Holiness can sound cold or out of reach, but at its heart it simply means belonging wholly to God — being set apart for Him, and so being made clean. The good news is that purity is not mainly about gritting our teeth to keep rules; it flows from a new heart God gives and the Spirit who lives in us. These passages show both the call to be holy and the grace that makes it possible.

Background & context

In Scripture, to be 'holy' (Hebrew qadosh, Greek hagios) is to be set apart — distinct, devoted, belonging to God. God is holy, and He calls His people to reflect Him. Under the new covenant, holiness is not earned to gain acceptance but pursued because we are already accepted and indwelt by the Holy Spirit.

Key passages

1 Peter 1:15-16
“...but just as he who called you is holy, you yourselves also be holy in all of your behavior; because it is written, 'You shall be holy; for I am holy.'”

The call to holiness is rooted in God's own character. We reflect the One we belong to.

Psalm 51:10
“Create in me a clean heart, O God. Renew a right spirit within me.”

True purity starts in the heart, and it is something God creates in us — we ask Him for it.

Matthew 5:8
“Blessed are the pure in heart, for they shall see God.”

Purity is not just outward behavior but an undivided heart set on God.

1 Corinthians 6:19-20
“Or don't you know that your body is a temple of the Holy Spirit who is in you... For you were bought with a price. Therefore glorify God in your body.”

Our bodies matter to God; the Spirit dwells in us, so we honor God with how we live physically.

1 Thessalonians 4:3-7
“For this is the will of God: your sanctification, that you abstain from sexual immorality... For God called us not for uncleanness, but in sanctification.”

Sexual purity is named directly as God's will and part of being set apart.

Philippians 4:8
“...whatever things are true, whatever things are honorable, whatever things are just, whatever things are pure... think about these things.”

Purity includes the mind — what we dwell on shapes who we become.

Questions to test yourself

What is the basis for the call to 'be holy' (1 Peter 1:15-16)?

Answer: God's own holiness — we reflect the One we belong to

Holiness is not arbitrary rule-keeping; it's reflecting the character of the God we now belong to. Because He is holy and has made us His own, we are called to live distinct, set-apart lives. The motive is not fear or earning, but family likeness — children growing to resemble their Father.

Word study: 'Holy' is Greek hagios — set apart, distinct, devoted to God. The same word names both God's nature and our calling.

Context: Peter quotes Leviticus, where God called Israel to be unlike the nations around them; he applies it to the church, set apart among the world.

Where does true purity begin (Psalm 51:10; Matthew 5:8)?

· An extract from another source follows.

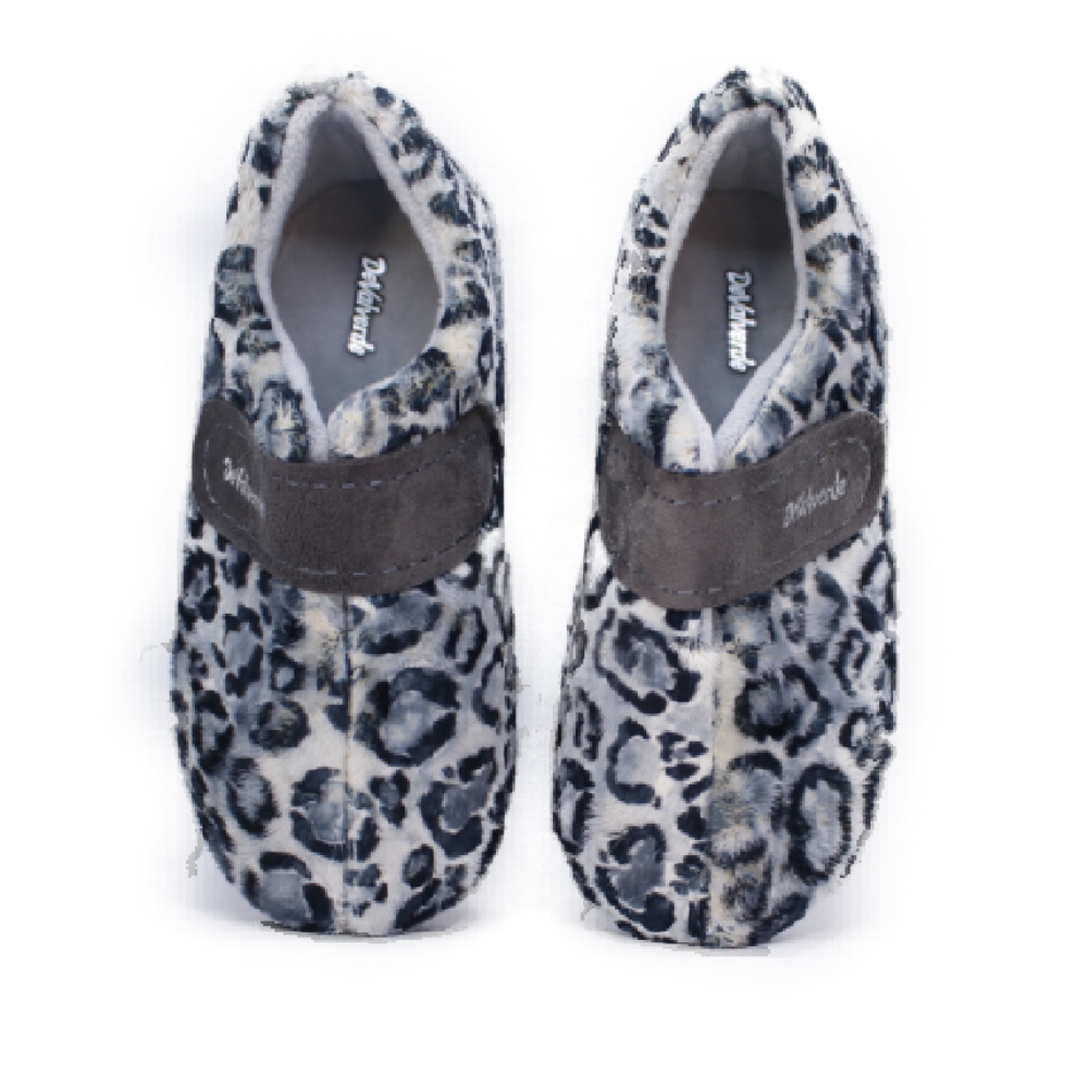 Estas cómodas zapatillas de casa para mujer  destacan por su diseño elegante y funcional. Están confeccionadas con un suave tejido gris con estampación animal print.
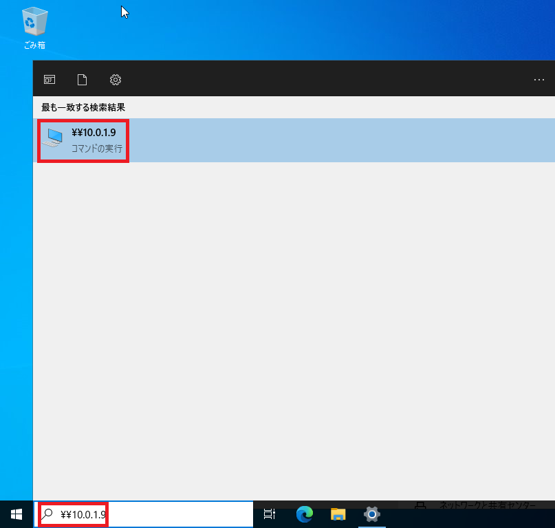 ⑾「スタートボタン」となりの「ここに入力して検索」というテキストボックスに共有フォルダを設定したサーバー(ここでは¥¥10.0.1.9)を入力し、「最も一致する検索結果」に該当するサーバが表示されるので、クリックします。

Answer: In the heart — and it is something God creates in us

Jesus blessed the 'pure in heart,' not merely the outwardly clean — purity is first an inner, undivided devotion to God before it is any outward behavior. And notice David's prayer: he asks God to create a clean heart, knowing he cannot manufacture it himself. Purity is something we receive and ask for, not just something we achieve.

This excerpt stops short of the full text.